5 Best Ways to Export to CSV with Leading Zeros in Python

πŸ’‘ Problem Formulation: When exporting data to a CSV file using Python, it’s common to lose leading zeros in fields such as ZIP codes or ID numbers. For example, the ID ‘00123’ may be exported as ‘123’, which could lead to data integrity issues. This article discusses methods to retain these leading zeros in CSV exports.

Method 1: Using the csv Module with String Formatting

One way to preserve leading zeros when exporting to a CSV is by converting integers to strings with leading zeros in the format method. The csv module’s writer object can then handle the formatted strings properly.

Here’s an example:

import csv

data = [[1, '00456'], [2, '07891']]
with open('output.csv', 'w', newline='') as file:
    writer = csv.writer(file)
    for row in data:
        writer.writerow([f'{row[0]:02}', row[1]])

Output CSV content:

01,00456
02,07891

In the code snippet, the list data contains rows with ID numbers that need to retain leading zeros. We format the first column with f'{row[0]:02}', which adds leading zeros for a total width of two characters. The csv.writer processes each row and exports to ‘output.csv’ with the leading zeros intact.

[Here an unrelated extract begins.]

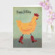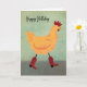 This delightful birthday card features a striking yellow chicken strutting down a sidewalk, elegantly wearing red cowboy boots. The card’s text simply says, “Happy Birthday.”

Method 2: Using pandas DataFrame with String Conversion

The pandas library provides a versatile DataFrame object, which can be used to ensure that data with leading zeros is treated as a string data type during CSV export. This keeps the leading zeros visible in the output file.

Here’s an example:

import pandas as pd

df = pd.DataFrame({'ID': ['00123', '04567'], 'Name': ['Alice', 'Bob']})
df.to_csv('output_with_pandas.csv', index=False)

Output CSV content:

ID,Name
00123,Alice
04567,Bob

The pandas.DataFrame is created with columns ‘ID’ and ‘Name’, deliberately treating ‘ID’ values as strings. When using df.to_csv(), the CSV is exported so that IDs are in string format, preserving the leading zeros.

Method 3: Using Excel-Compatible Formatting in pandas

Excel may automatically strip leading zeros when opening CSV files. To prevent this, pandas can be used to export data with additional formatting that forces Excel to interpret values as strings.

Here’s an example:

import pandas as pd

df = pd.DataFrame({'ID': ['00123', '04567'], 'Name': ['Alice', 'Bob']})
df.to_csv('output_excel_compatible.csv', index=False, quoting=csv.QUOTE_NONNUMERIC)

Output CSV content:

"ID","Name"
"00123","Alice"
"04567","Bob"

The parameter quoting=csv.QUOTE_NONNUMERIC in df.to_csv() ensures all non-numeric fields are enclosed in quotes, signaling Excel to treat these fields as text and keep the leading zeros.

Method 4: Pre-formatting Data Before Export

Manually pre-formatting the data as strings within Python before writing to a CSV file can keep the leading zeros. This requires converting numbers to strings with the desired zero-padding ahead of time.

Here’s an example:

import csv

data = [[12, 123], [5, 67]]
formatted_data = [[f'{id:05}', f'{num:08}'] for id, num in data]

with open('preformatted_output.csv', 'w', newline='') as file:
    writer = csv.writer(file)
    writer.writerows(formatted_data)

Output CSV content:

00012,00000123
00005,00000067

The list comprehension creates a new list, formatted_data, where each numeric value is formatted with leading zeros to a fixed width. The resulting strings are then written to the CSV file without losing any formatting.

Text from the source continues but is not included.